All optimization passes run after ingest. This is not a limitation — it is architecturally correct. Optimization requires corpus-wide frequency statistics, and by the time passes run, all content has been converted to compact integer sequences. The inner loop is integer comparison, not string handling.
Format auto-detection, text extraction, tokenization, and resolution. Produces Token DB + Corpus DB in arrival-order ID space. The corpus is immediately usable.
A single pass over the Corpus DB builds a ranked (token → frequency) table. This is the prerequisite for all subsequent optimization.
Assigns the shortest IDs to the highest-frequency tokens. Both deduplication and ID compression now concentrate savings on exactly the same tokens — correlated gains on the Zipfian head.
Identifies candidate bigrams and n-grams whose collapse would yield net storage savings. Thresholds are evaluated against actual post-remap ID costs — accurate arithmetic, correct commit decisions.
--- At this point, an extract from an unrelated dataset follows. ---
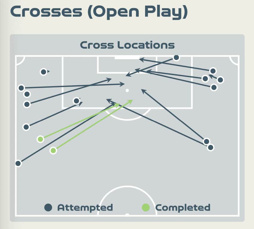 The defensive midfielders were also used to shield the back line and cut off passing lanes in central areas. Additionally, Colombia forced Germany to swing crosses in from deep or from the half-spaces, which were much easier to deal with as there were several players back defending who were available to clear their lines.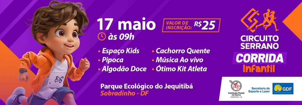 INFORMAÇÕES GERAISNome do evento: CIRCUITO SERRANO CORRIDA DE RUA E CAMINHADAData e hora: 16/05/2026 – 17:00Localização: Brasília – DF

Commits qualifying phrase IDs, physically shortening sequence files. Progressive: as the corpus deepens, more phrases cross the threshold. Compression improves organically with scale.
Evermore is an active design-and-implementation project. The specification is mature — at version 17 — and the addressing scheme has reached formal specification at v1.2. The architecture is fully defined; implementation is underway.
The corpus is in a valid, lossless, fully reconstructable state at every point in the pipeline. Optimization is never a prerequisite for reconstruction — it is an improvement to compression efficiency on top of an already-correct system.